Flip angle simulations

The subject-specific and ΔB0 measurements performed on the test subjects fed Bloch equation simulations to yield FA profiles for the CP and universal pulses integrated in the MPRAGE and 2D GRE sequences. For comparison, additionally, subject-specific static RF-shim and tailored (kT-point or spoke) pulses were computed by minimization of the FA-NRMSE under the same RF power and SAR constraints as for the design of the pTx-UPs. For each pulse (5° non-selective, 180° non-selective, 30° selective), the CP, pTx-UP, RF-shim modes and subject tailored pTx spoke or kT-point pulses (obtained through the minimization of the subject-specific FA-NRMSE) were compared in terms of their respective FA-NRMSE performance.

Results

MPRAGE and 2D GRE comparisons

For two test subjects scanned respectively at sites 1 and 2, differences between the MPRAGE in CP- and the pTx-UP modes are highlighted in selected orthogonal views of the brain in Fig 1. The results for all 10 test subjects for the same scan are also provided for both coils in Figs 2 and 3 respectively.

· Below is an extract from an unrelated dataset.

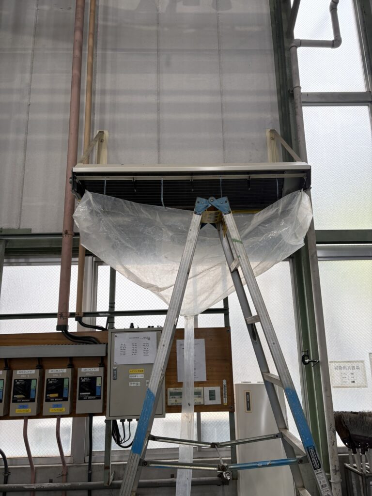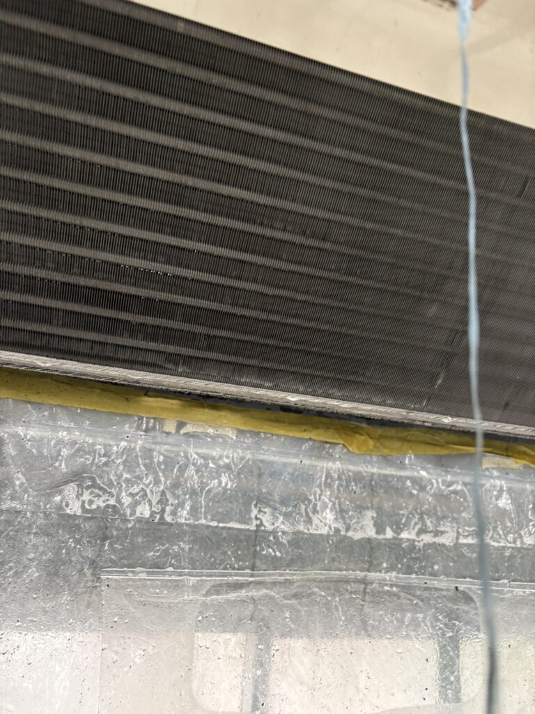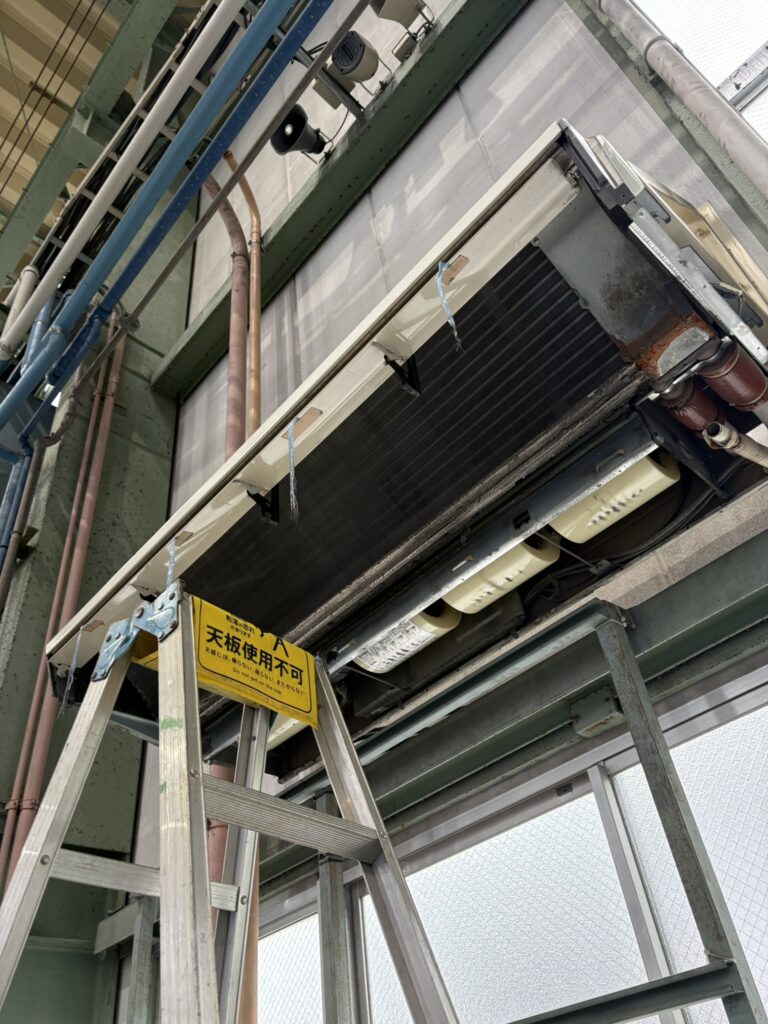 厚木市工場 三菱天吊り型エアコン洗浄工事 2026年2月8日 j4566745 ドレンパンを外した洗浄前です。工場なので粉塵を沢山吸い込んでドレンパンに蓄積しています。 このように、分解して洗浄をいたします。全体に汚れています。 熱交換器の汚れは随分落ちたようです。 順番が逆になりましたが専用のホッパーで養生して洗浄していきます。 洗浄液をかけて洗っていきます。 真っ黒な液が出ました。この廃液が綺麗になるまで水洗いを何回も繰り返します。 最初のドレンパンも綺麗になりました。 エアコン洗浄工事は台数が有るのでしたら、工事費が安く出来ますのでご相談ください。

Similar comparisons are provided for the 2D GRE protocol in Figs 4 and 5. All images shown are corrected for the reception profile. Hence, up to the precision of the receive profile correction procedure, the signal inhomogeneity displayed in Figs 15 is representative of the transmission inhomogeneity only. Incidentally, the same figures reveal to some extent the variability in head geometry, size and position. For the MPRAGE sequence, except for Fig 1, the same (scanner coordinates) coronal, sagittal and axial slices are shown for all test subjects. For the 2D GRE sequence, 3 slice positions (same scanner coordinates) located at the bottom, middle and top of the brain were selected and displayed again for all test subjects.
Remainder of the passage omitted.